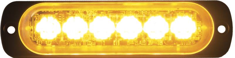 Buyers Products 6 LED amber horizontal strobe light. Can be synced for simultaneous or alternating flash patterns. Surface mounting is ideal for safety and warning applications.
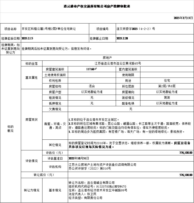 開發區科隆公寓1號樓2層F單位住宅轉讓
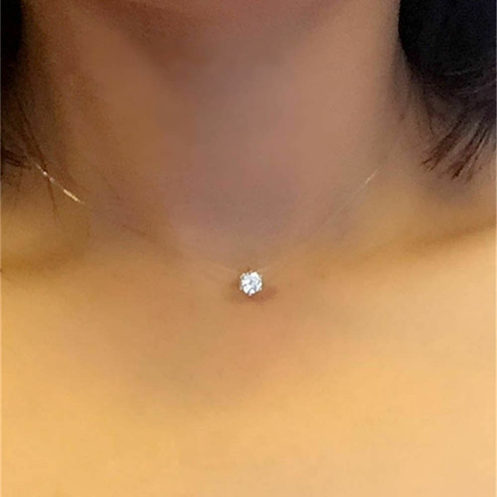 * 68 Crystal Invisible Line Zir ... - Boho női többrétegű hosszú lánc medál Crystal Choker nyaklánc ékszer ajándék
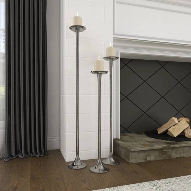 Dec Mode Silver Aluminum Tall Candle Holder Modern Aluminum Tabletop Langley Street or Deco Aluminum Tall Candle Holder

## TASK STATEMENT
Your response must reproduce the listing above word for word and must contain none of its pictures.

## EXPECTED ANSWER
 Buyers Products 6 LED amber horizontal strobe light. Can be synced for simultaneous or alternating flash patterns. Surface mounting is ideal for safety and warning applications.
 開發區科隆公寓1號樓2層F單位住宅轉讓
 * 68 Crystal Invisible Line Zir ... - Boho női többrétegű hosszú lánc medál Crystal Choker nyaklánc ékszer ajándék
 Dec Mode Silver Aluminum Tall Candle Holder Modern Aluminum Tabletop Langley Street or Deco Aluminum Tall Candle Holder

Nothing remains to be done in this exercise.